WHAT YOU SHOULD DO
Repeat the records below exactly from the line containing "Product name |" to the line containing "そういえば、長さを測っていな", taking in both of those lines. Drop the pictures.

DATA SUPPLIED
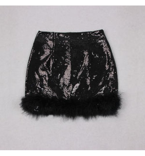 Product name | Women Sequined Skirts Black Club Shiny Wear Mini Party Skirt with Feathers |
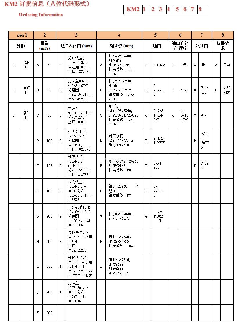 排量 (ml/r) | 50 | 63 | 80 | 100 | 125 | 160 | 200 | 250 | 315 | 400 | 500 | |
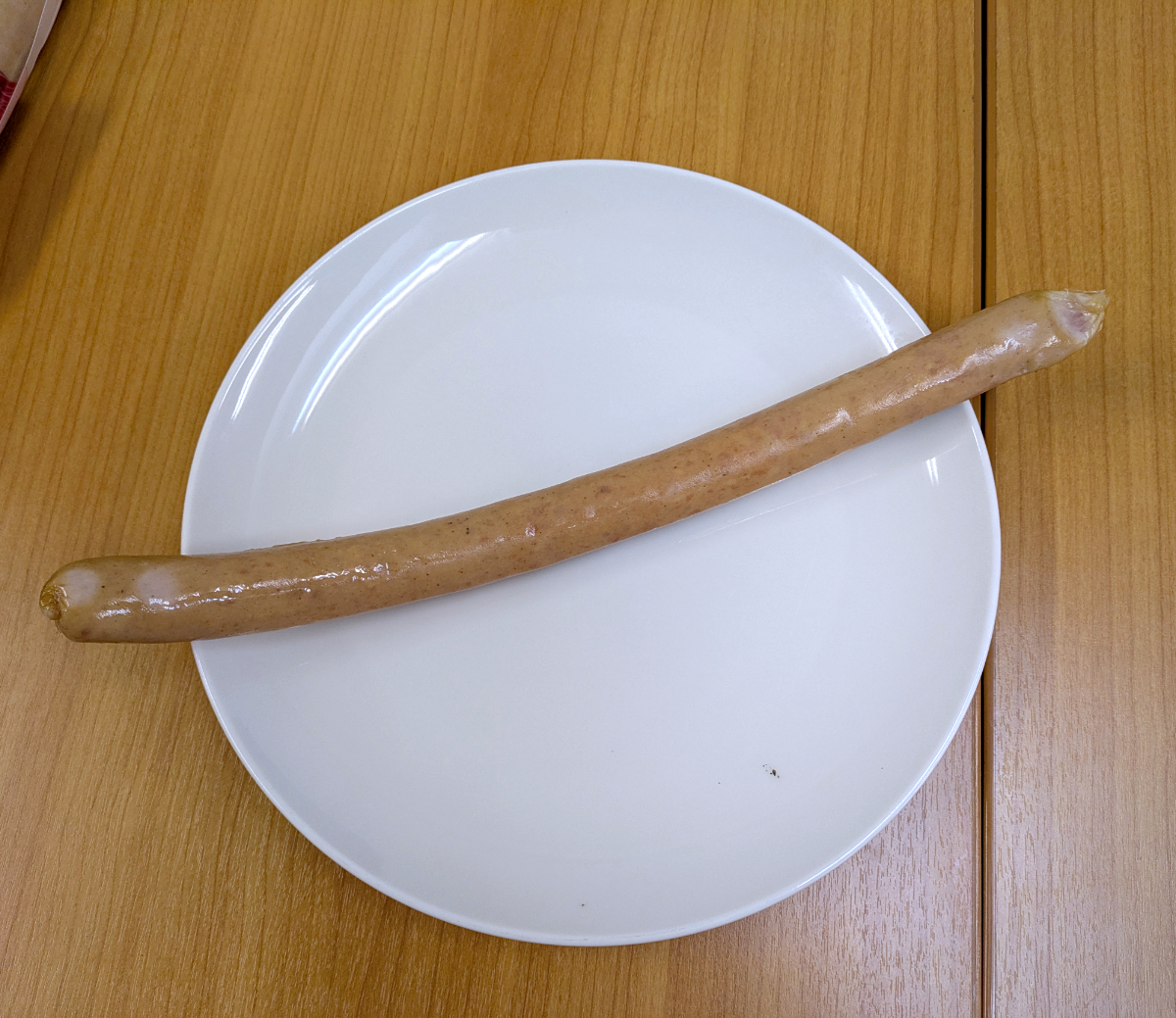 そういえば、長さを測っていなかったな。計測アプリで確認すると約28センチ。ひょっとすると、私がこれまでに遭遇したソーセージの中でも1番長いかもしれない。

--

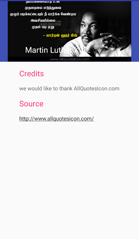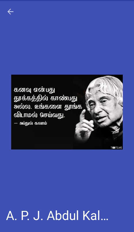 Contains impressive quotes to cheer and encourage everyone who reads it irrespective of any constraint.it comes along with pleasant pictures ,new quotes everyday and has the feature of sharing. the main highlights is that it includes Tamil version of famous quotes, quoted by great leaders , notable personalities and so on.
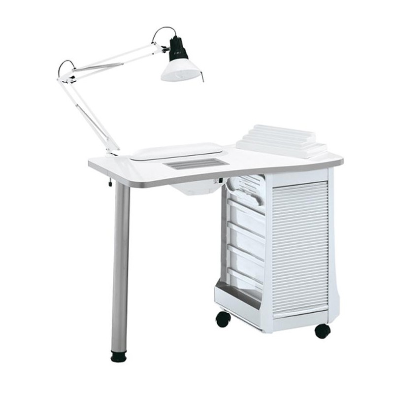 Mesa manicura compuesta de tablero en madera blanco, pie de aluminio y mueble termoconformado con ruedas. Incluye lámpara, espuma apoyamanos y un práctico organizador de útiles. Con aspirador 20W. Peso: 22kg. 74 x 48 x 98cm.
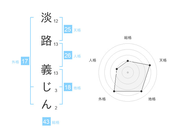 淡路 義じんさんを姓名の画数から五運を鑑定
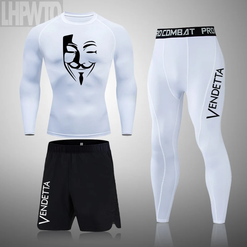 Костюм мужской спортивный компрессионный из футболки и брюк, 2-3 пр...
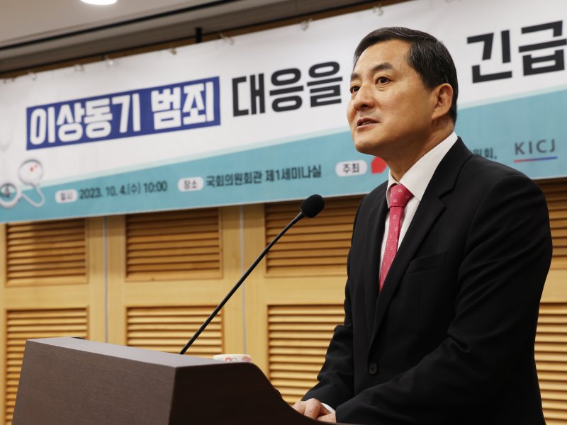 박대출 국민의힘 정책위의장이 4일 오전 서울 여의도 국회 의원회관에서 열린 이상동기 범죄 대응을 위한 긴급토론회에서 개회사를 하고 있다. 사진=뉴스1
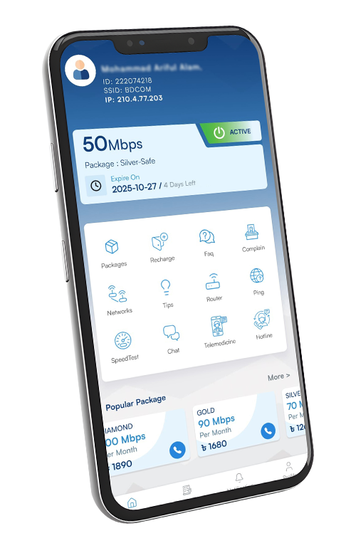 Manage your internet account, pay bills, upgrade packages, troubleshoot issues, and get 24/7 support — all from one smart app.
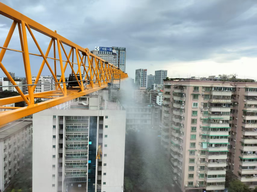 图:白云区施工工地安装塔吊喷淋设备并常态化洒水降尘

EXERCISE OUTPUT
 Product name | Women Sequined Skirts Black Club Shiny Wear Mini Party Skirt with Feathers |
 排量 (ml/r) | 50 | 63 | 80 | 100 | 125 | 160 | 200 | 250 | 315 | 400 | 500 | |
 そういえば、長さを測っていなかったな。計測アプリで確認すると約28センチ。ひょっとすると、私がこれまでに遭遇したソーセージの中でも1番長いかもしれない。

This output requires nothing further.